Sidney Poitier, Hollywood legend to first black man to win Best Actor Oscar, dies aged 94

Sidney Poitier, the legendary star who was the first black man to win the Best Actor Oscar has died at age 94, Bahamas Secretary of State Fred Mitchell confirmed to CBS News on Friday. Mitchell was notified by the family of Poitier’s death, but had no other details.

Poitier, who holds dual American and Bahamian citizenship, was “an icon, a hero, a mentor, a fighter, a national treasure,” Deputy Prime Minister Chester Cooper said on his official Facebook page.

Poitier’s life was a series of ‘firsts’. In 1958, he became the first black actor to be nominated for a Best Actor Oscar for his role as an escaped convict chained to Tony Curtis in “The Defiant Ones.”

When he was nominated again for “Lilies of the Field” in 1964, he took home the Academy Award.
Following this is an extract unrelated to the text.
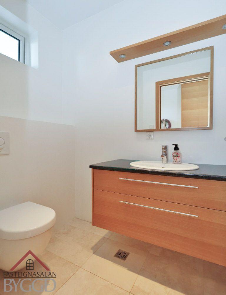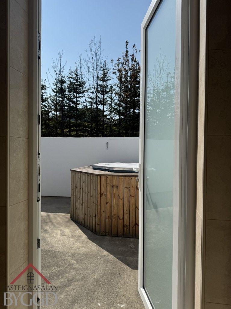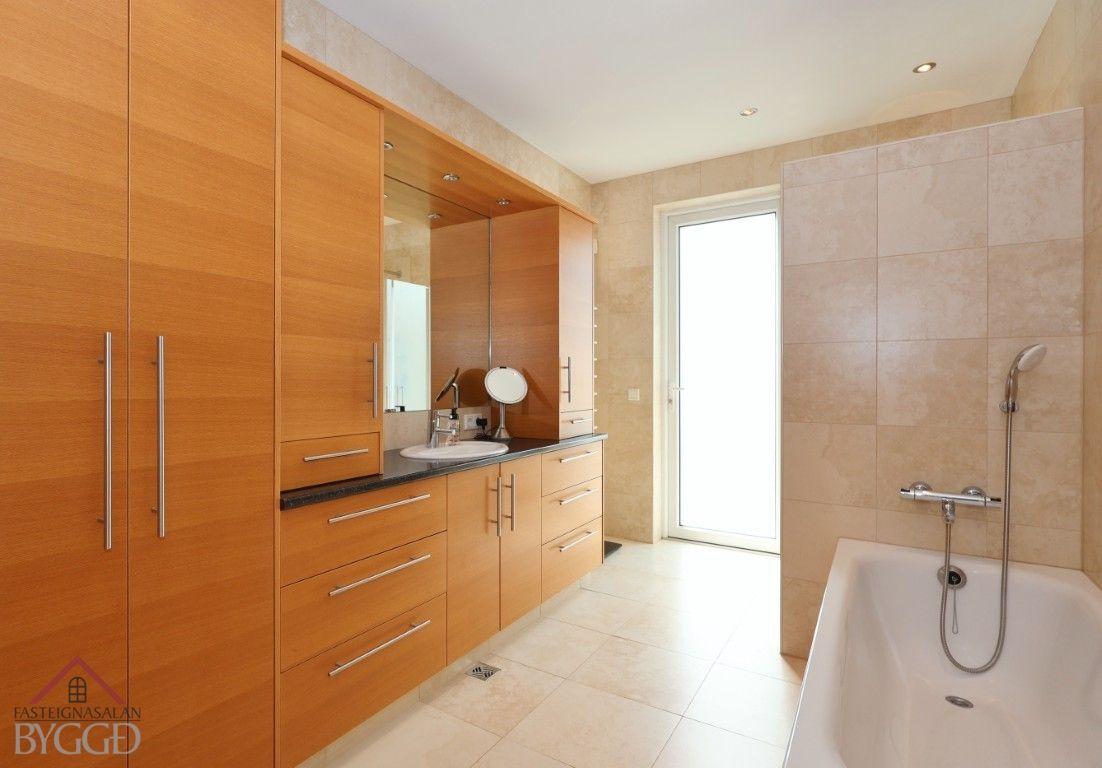 Baðherbergi er flísalagt í hólf og gólf og með innfelldri lýsingu í lofti. Spónlögð eikar innrétting með mjög góðu skápaplássi, upphengt wc, handklæðaofn, baðkar og rúmgóð sturta með innfelldum tækjum. Útgengt er út af baðherberginu út á verönd með heitum potti.

Not only was he the first black actor to do so, he remained the only one until 2002.

He was also the first black man to kiss a white woman in a 1965 film, “A Patch of Blue.”

He made memorable performances in films such as “In the Heat of the Night,” which won the Academy Award for Best Picture, “To Sir, with Love” and “Guess Who’s Coming to Dinner.”
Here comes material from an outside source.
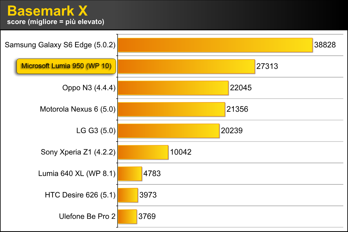 A differenza degli altri sistemi operativi, Windows Phone non ci mette a disposizione tutti i benchmark che abbiamo usato per la valutazione di smartphone Android o iOS. Nonostante ciò, i test utilizzati ci danno una chiara idea delle prestazioni del dispositivo. Utilizzando lo smartphone normalmente, abbiamo avuto l'impressione che l'interfaccia del Microsoft Lumia 950 avesse ottime performance con la sua velocità e fluidità nella navigazione tra i menù, nella galleria, la prontezza nel lancio delle applicazioni e la mancanza di microscatti; in realtà tutti i test effettuati hanno confermato quelle che erano le nostre aspettative dando uno sguardo alle caratteristiche hardware in dotazione al device che sono ottime ma non al pari dei modelli top di gamma dei competitor.

Poitier was awarded the United States Presidential Medal of Freedom – the highest civilian honor in the country – by Barack Obama in 2009.

Actor Sidney Poitier receives the 2009 Presidential Medal of
Actor Sidney Poitier receives the Presidential Medal of Freedom from President Barack Obama at a ceremony in the East Room of the White House on August 12, 2009.

Andrew Harrer/Bloomberg via Getty Images


“Sidney Poitier embodied dignity and grace,” Obama said tweeted Friday, “revealing the power of movies to bring us closer together. He also opened doors for a generation of actors.”

Poitier told CBS News that his career choices were less about being “first” and more about his characters’ image. He wouldn’t, he told Lesley Stahl in 2013, play someone who was immoral or cruel. “If you go through my career, you’ll find that I didn’t. I never did.”

“I didn’t go into the movie world to be symbolized by someone else’s vision of me,” Poitier told Stahl. He said he would not play any role “that negatively impacts my father, my mother and my values.

“My father was a tomato farmer. There is the expression that says he or she worked their fingers to the bone, well, that’s my father. And he was a very good man.”

Sidney Poitier, the youngest of seven children, was born three months premature while his Bahamian parents were in Miami selling tomatoes.

Not sure if he would survive, his father bought a small box while his mother consulted a palm reader.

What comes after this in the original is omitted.